I'm in FL scouting out future race sites for national events... Palm Beach Kennel Club may be a strong prospect.
Mike


----------



## AStephens (Jan 12, 2004)

Mike is the drag race on for the 17th.


----------



## [email protected] (Dec 3, 2003)

*Heinz Field*

YES!
Racing Test N' Tune will start around 10ish... Racing at Noon... Get there at 11 at the latest to register. Heinz Field, Gate B.

We are also racing this weekend at Heinz Field. Same place... Test N' Tune at 4:00 sharp!



AStephens said:


> Mike is the drag race on for the 17th.


----------



## RcDinge (Jun 14, 2004)

Looking forward to Heinz Field, keep me posted!


----------



## Tim'sLosi (Aug 26, 2005)

*York PA*

I have a doggone dragster and no track! I can't wait to open it up in this new lot going in. I tried it out on my road and it was UNREAL. Can't believe how fast these go in a straight line.


----------



## [email protected] (Dec 3, 2003)

That is awesome! A lot of fun. You are between Pittsburgh and the guys over in NJ... 3 hours either way and you can hit up a dragstrip for R/C. Keep in mind the drag race we are having on Monday, September 5th at Heinz Field.

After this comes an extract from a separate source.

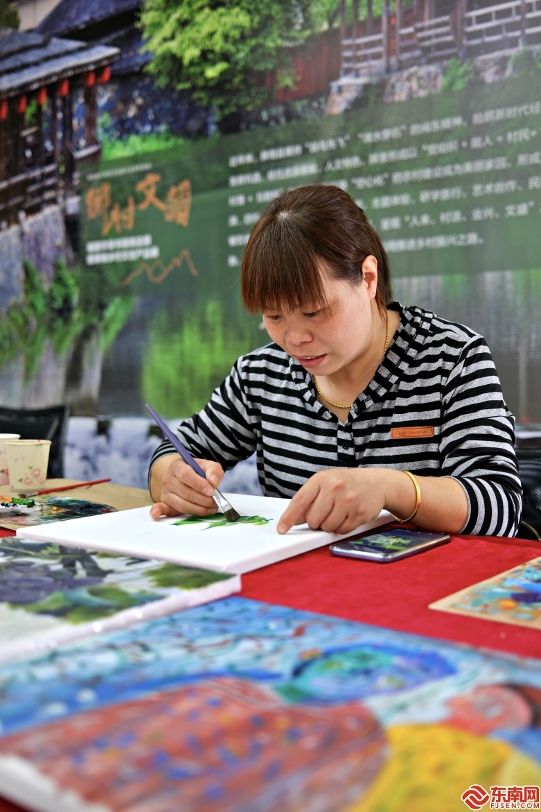 屏南县漈下古村农民画师黄余清在展厅现场作画

Details are "almost" final as Heinz Field is getting back to us with particulars... We will be racing touring cars too. Stop over if you have a chance! 

You may have to pay for parking IF you do not get there early enough. There is a RIB FEST going on so you should have plenty to eat. 

Keep us posted on your drag racing adventures... maybe some of the guys from here can come over once you get set up!

Mike!



Tim'sLosi said:


> I have a doggone dragster and no track! I can't wait to open it up in this new lot going in. I tried it out on my road and it was UNREAL. Can't believe how fast these go in a straight line.


----------



## Ginsu (Dec 1, 2004)

I would love to get involved, but I dont know of one place they race...maybe Don Garletts? place in the Orlando area. I will call superior hobbies and find out.


----------



## Ginsu (Dec 1, 2004)

where do you find info out about motors, batts and gearing for drag racing?


----------



## [email protected] (Dec 3, 2003)

Grand Motorsports is a great place ran by Mike Ogal. http://www.grandmotorsports.com/
Team Walbern is also a great place with great people: http://www.teamwalbern.com/album1a_002.htm
I have cars from both and have had the best luck with these. Steel City Hobbies also carries numerous product from the above and more.
Good luck and keep us posted!
Mike



Ginsu said:


> where do you find info out about motors, batts and gearing for drag racing?


----------



## Ginsu (Dec 1, 2004)

Thanks for the info, will do! :thumbsup:


----------